Redefining Budget Neutrality
CMS can explore ways to revise how states demonstrate budget neutrality to address many of the existing pitfalls. CMS could, for example, allow routine adjustments to the budget-neutrality calculations to account for provider or health plan payment increases or new services that would be allowable without the demonstration. More fundamentally, rather than saying that a demonstration initiative is approvable only if it would not cost more than the existing program, CMS could shift to approve initiatives that promote value in the Medicaid program. For example, CMS could broaden its use of “hypothetical” expenditures—expenditures for which states are not at risk—to encompass initiatives that have demonstrated value. Value could be defined as increasing coverage; reducing disparities/addressing historic underinvestment in certain services, providers, or populations; improving quality and access; or reducing costs in a manner consistent with the objectives of the Medicaid program. And savings to other federal programs, such as Medicare, could be recognized.
Eliminating The Budget-Neutrality Requirement
Alternatively, the administration also could dispose of the concept of budget neutrality entirely. If a state’s proposed demonstration is sound and aligns with the statutory objectives of the Medicaid program, CMS could conclude that the innovation is worth testing and supporting, regardless of whether it increases program spending. CMS would still consider the cost of a program when deciding whether to approve it, but CMS (and states) would no longer need to engage in arithmetic acrobatics to demonstrate that a program was expected to be budget neutral down to the decimal point.
Jettisoning budget neutrality wholesale would be unlikely to create unsustainable increases in federal Medicaid spending. States are responsible for up to half of each Medicaid dollar spent, and states have their own financial limits that will affect which programs they propose. CMS should continue to ensure that states are complying with federal rules governing how states fund their share of the Medicaid program if it has concerns with runaway spending.
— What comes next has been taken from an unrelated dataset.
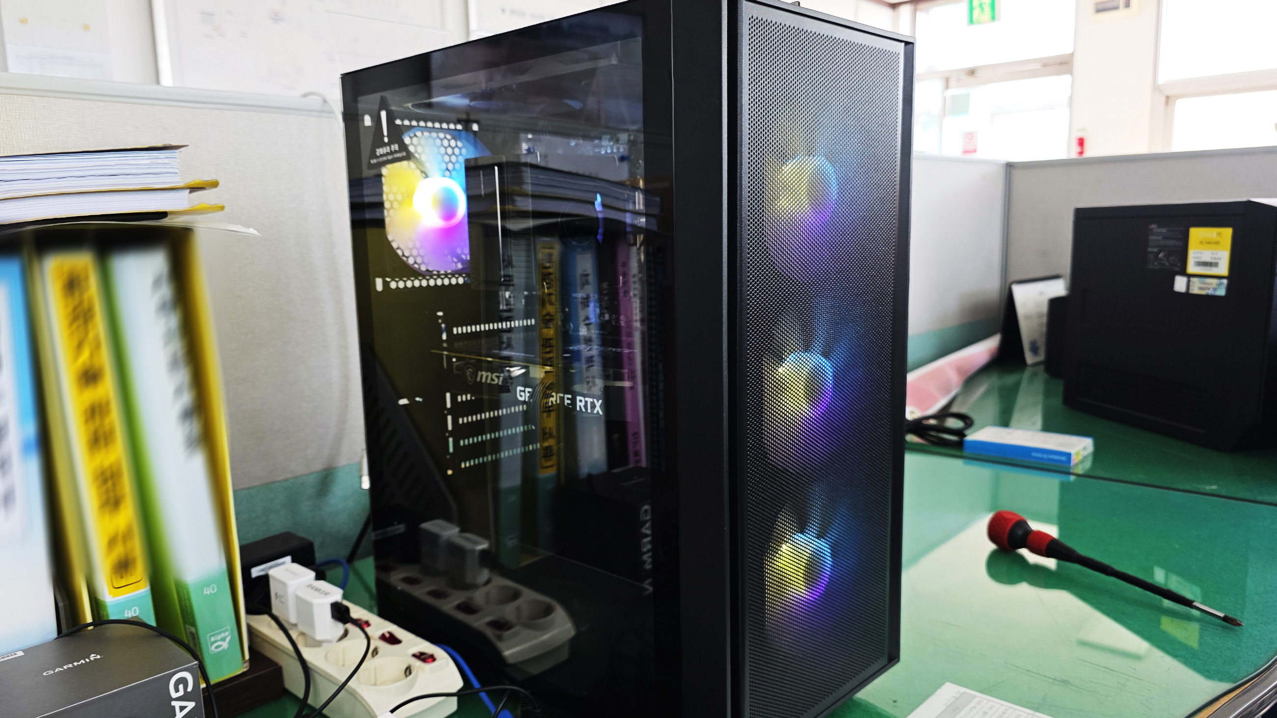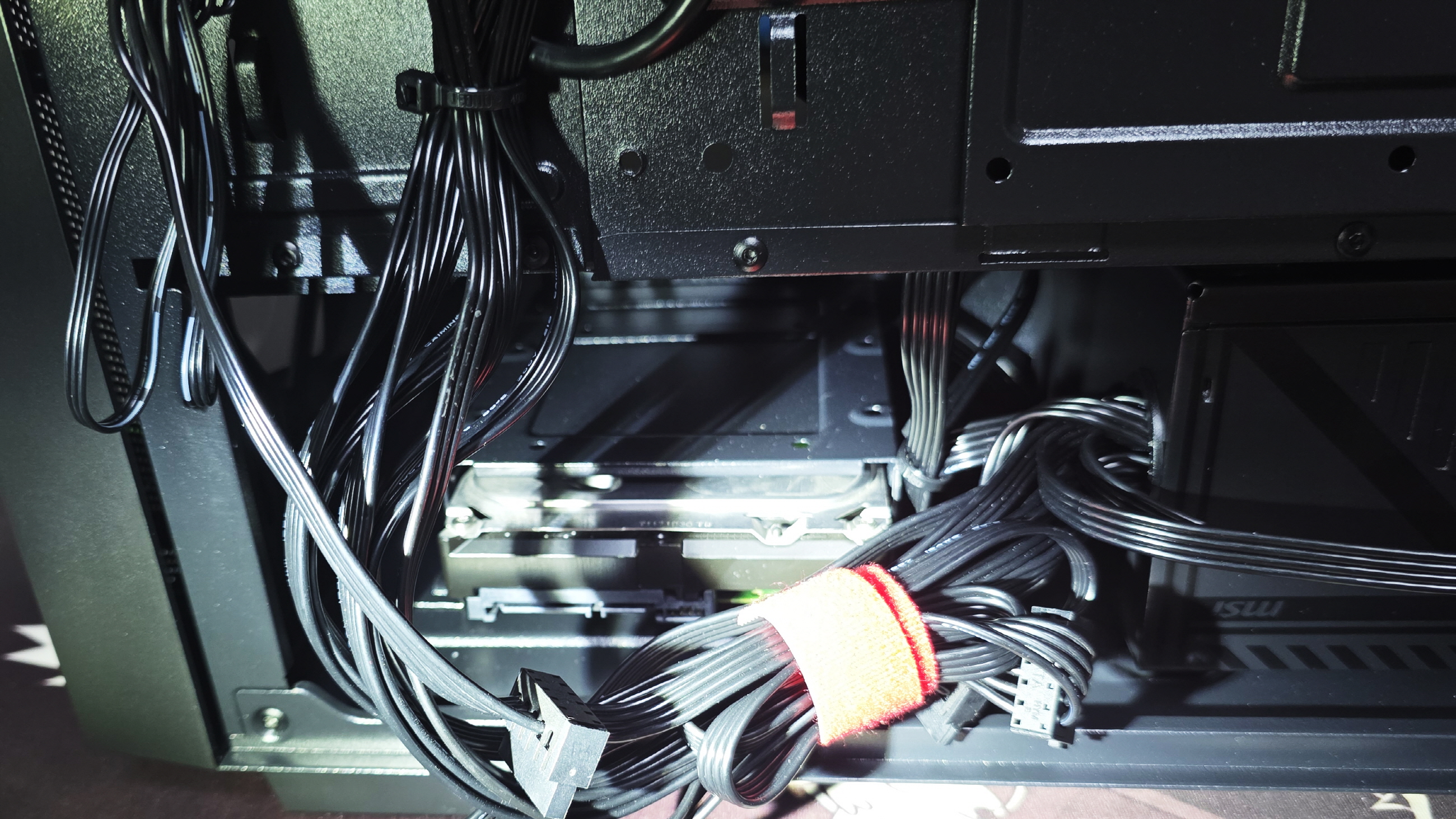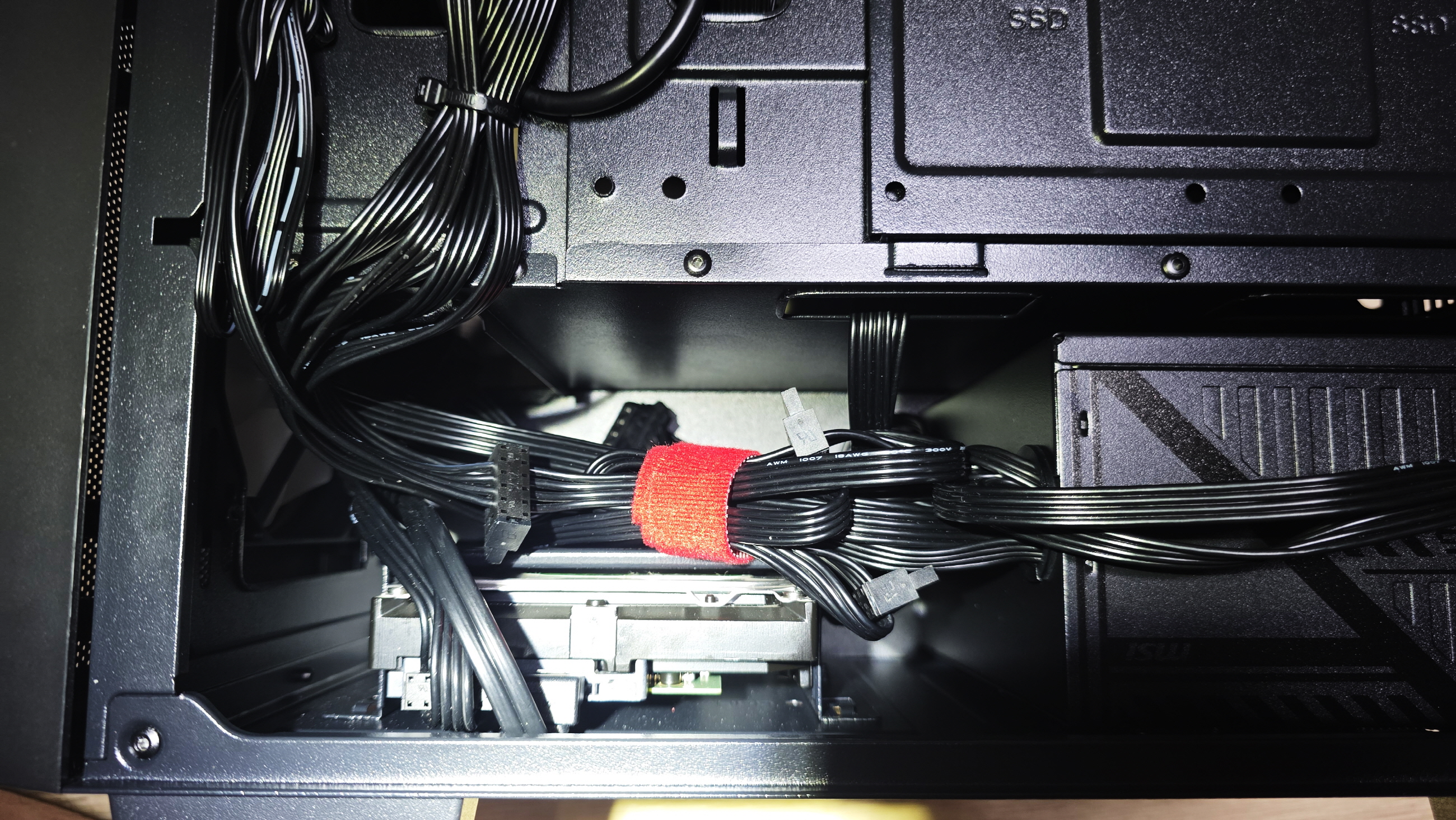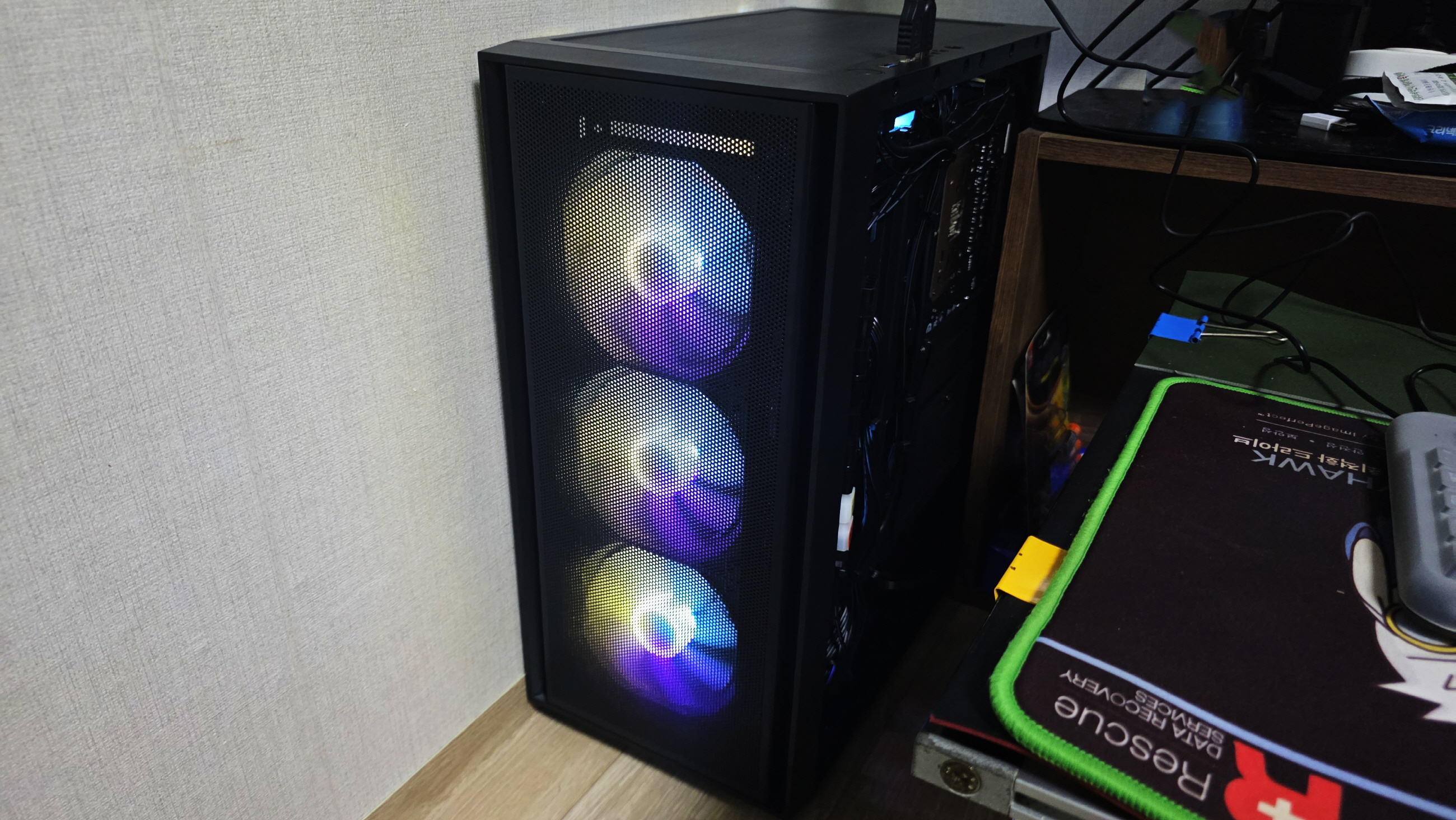 마지막으로 그전 컴퓨터에서 쓰던 데이터 백업용 HDD 설치, 오랜만이어서 그런지 부품들이 새로워져서 그런지 HDD SATA 케이블을 어떻게 꽂아야 될지 몰라 헤매다 메인보드를 눈이 빠져라 쳐다보다 그래픽카드에 가려져 있던 SATA포트 발견, 그래픽카드 분리 후 SATA 케이블 연결 HDD도 설치 마무리하고 케이블 정리 후 본 격적으로 사용합니다.

Eliminating budget neutrality would simply ensure there would be no artificial constraints on promising state demonstrations.
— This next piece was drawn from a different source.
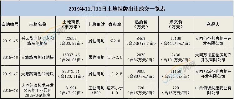 1、12月12日,大同市規(guī)劃與自然資源局公開出讓四宗地塊,其中3宗居住用地,1宗工業(yè)用地,其中興云街北側(cè)、永和路東側(cè)地塊最高以444萬/畝的價(jià)格成交,詳細(xì)情況一起來了解一下吧!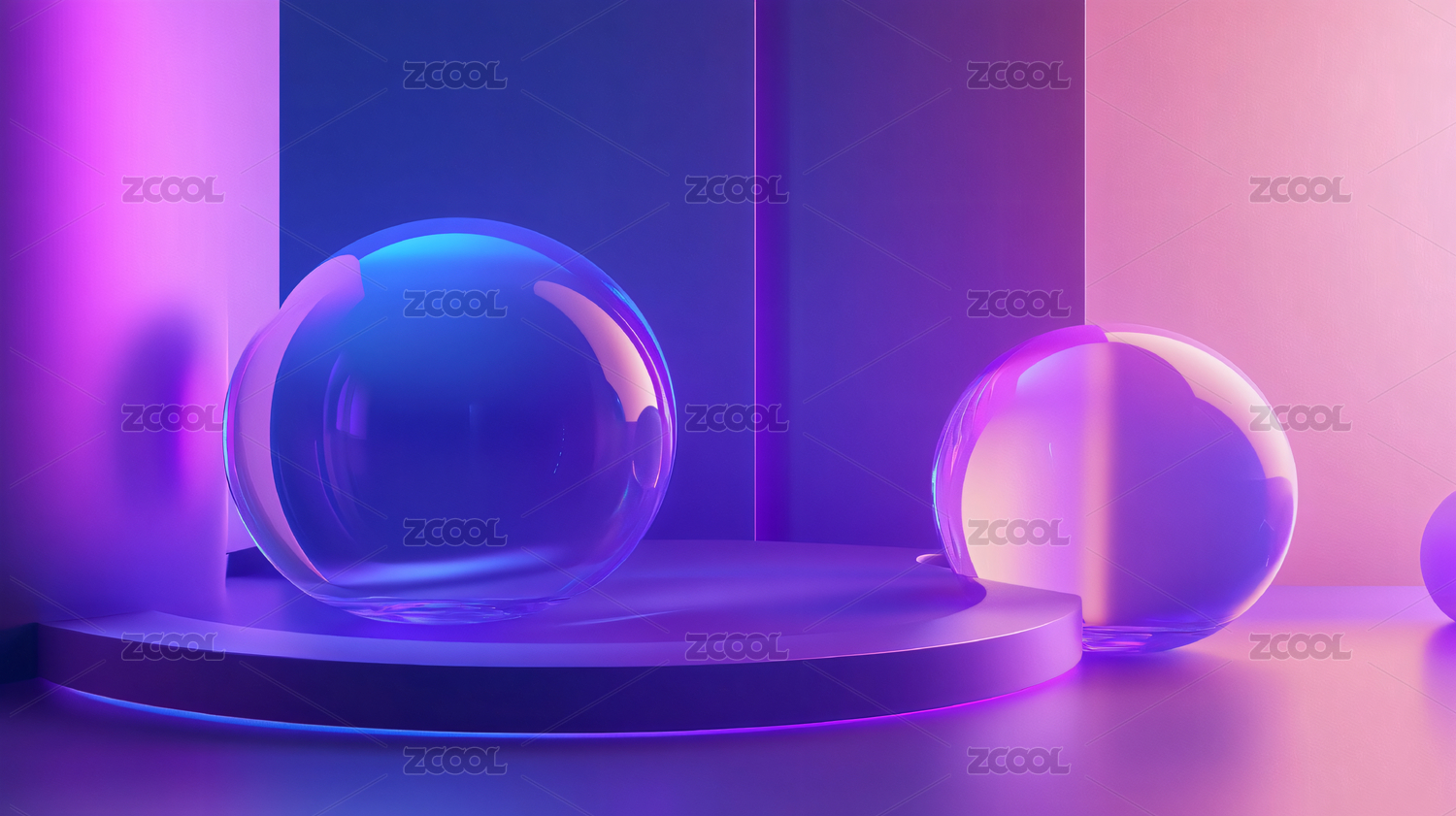 粉色圆形讲台透明泡泡

Instead of relying on budget neutrality as a guide to what can and cannot be supported through a section 1115 demonstration, CMS could set out a list of nonexclusive examples of demonstration proposals that promote the objectives of the Medicaid program the agency would entertain and a transparent process for considering whether a proposal was worth the cost. These examples would help states tailor requests that have a reasonable chance of being approved without unduly circumscribing the set of potential state proposals.
Both paths would be a sharp departure from existing policy and would require significant work by CMS to develop the principles and processes needed to implement. But both paths also would enable states and their federal partners to better use section 1115 demonstrations to address core goals of the Medicaid program—and of the administration—including advancing health equity, enhancing access to care, and improving the health and well-being of everyone enrolled in Medicaid.
Authors’ Note
Manatt Health and the State Health and Value Strategies, a program of the Robert Wood Johnson Foundation, regularly collaborate and work together on projects.
Note 1
Historically, CMS has simply trended forward projected “without waiver” expenditures in each waiver renewal using the same trend rate. Over time, a small difference in the trend rate in “without waiver” growth compared to actual spending growth compounds, creating a significant gap—the savings—between the “without waiver” caps and the actual “with waiver” spending.